* [Task to complete]: Verbatim reproduction of the entries is required; images must be omitted.

Start of Data under study

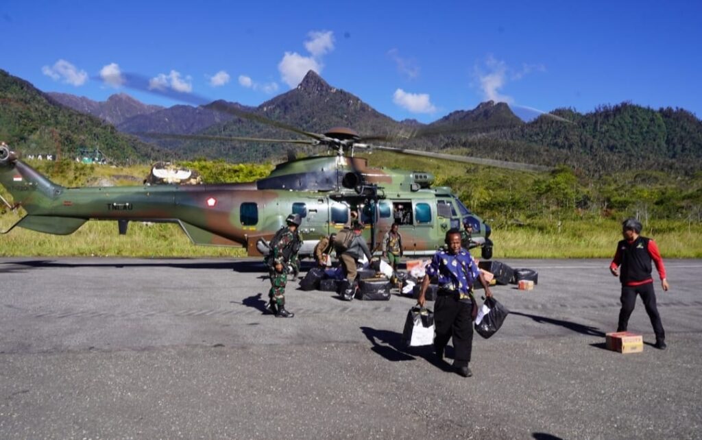 Menurut Kapendam, bantuan sosial itu diterbangkan dari Jakarta pada 24 Juli 2023 menggunakan pesawat C-130 Hercules A-1327 Skadron Udara 31 Lanud Halim Perdana Kusuma. “Distribusi bansos diangkut menggunakan helikopter Caracal milik TNI Angkatan Udara dari Bandara Mozes Kilangin Timika menuju Distrik Sinak,” ujarnya.
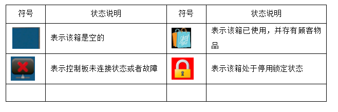 每个刷卡寄存柜都有显示屏,如果显示屏上出现以下图标,顾客可以根据以下标志及状态说明,了解寄存柜的使用状态,避免出现寄存柜使用障碍。
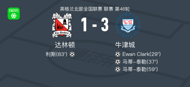北京时间4月25日英格兰北部全国联赛 联赛 第46轮,达林顿主场对阵牛津城。达林顿利斯破门。牛津城Ewan Clark破门,马蒂-泰勒梅开二度。最终比分达林顿 13 牛津城。
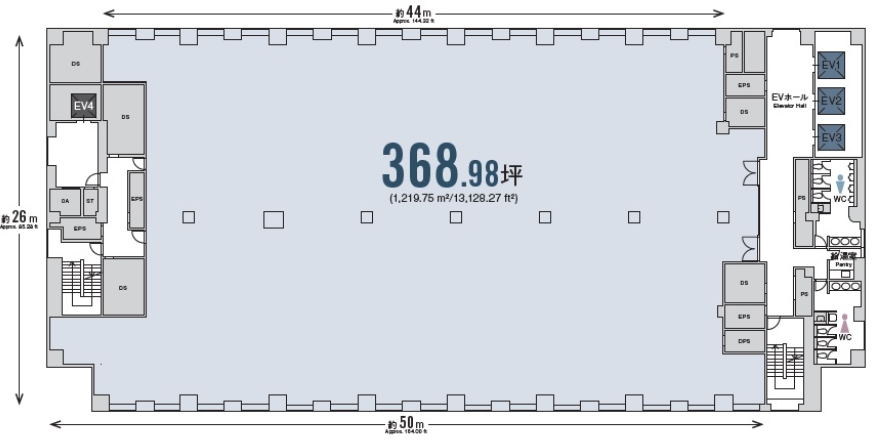 このエリアの大型居抜きオフィス、10名会議室、8名会議室×2、図書室、更衣室×2、執務室は120席前後でのご利用を想定。
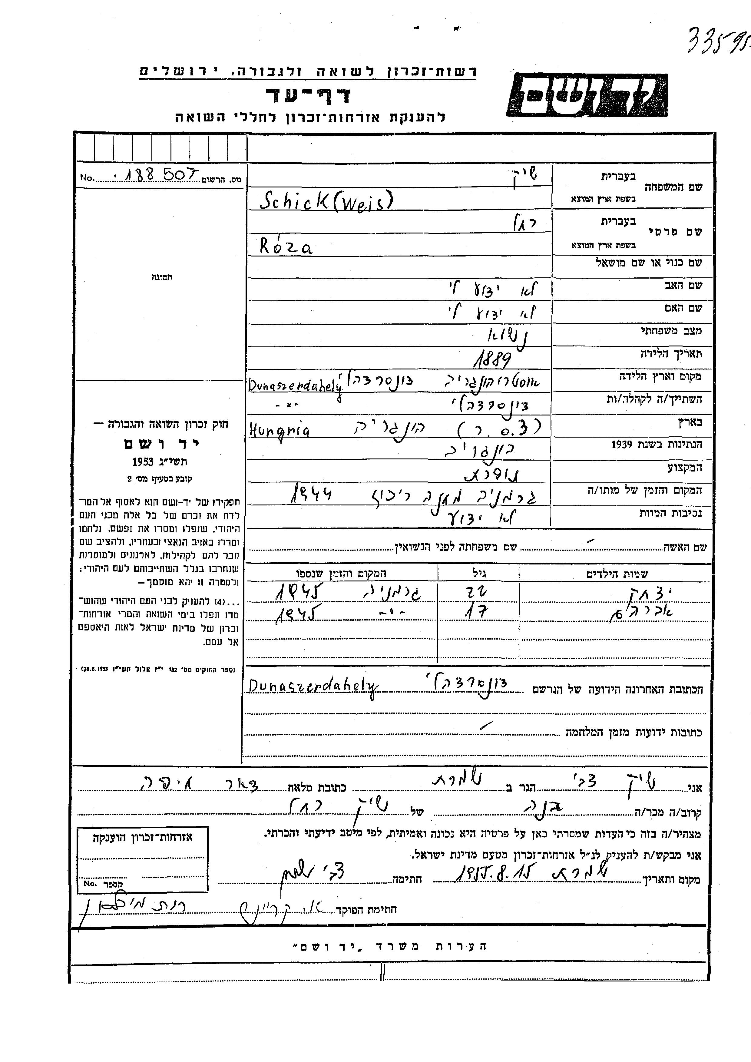 Yitzkhak Schick wurde Er war der Sohn von Roza Rakhel, geb. Weis. Vor dem Zweiten Weltkrieg lebte er in Dunaszerdahely, Tschechoslowakei.

End of Data under study

* [Solution to this problem]:
 Menurut Kapendam, bantuan sosial itu diterbangkan dari Jakarta pada 24 Juli 2023 menggunakan pesawat C-130 Hercules A-1327 Skadron Udara 31 Lanud Halim Perdana Kusuma. “Distribusi bansos diangkut menggunakan helikopter Caracal milik TNI Angkatan Udara dari Bandara Mozes Kilangin Timika menuju Distrik Sinak,” ujarnya.
 每个刷卡寄存柜都有显示屏,如果显示屏上出现以下图标,顾客可以根据以下标志及状态说明,了解寄存柜的使用状态,避免出现寄存柜使用障碍。
北京时间4月25日英格兰北部全国联赛 联赛 第46轮,达林顿主场对阵牛津城。达林顿利斯破门。牛津城Ewan Clark破门,马蒂-泰勒梅开二度。最终比分达林顿 13 牛津城。
 このエリアの大型居抜きオフィス、10名会議室、8名会議室×2、図書室、更衣室×2、執務室は120席前後でのご利用を想定。
 Yitzkhak Schick wurde Er war der Sohn von Roza Rakhel, geb. Weis. Vor dem Zweiten Weltkrieg lebte er in Dunaszerdahely, Tschechoslowakei.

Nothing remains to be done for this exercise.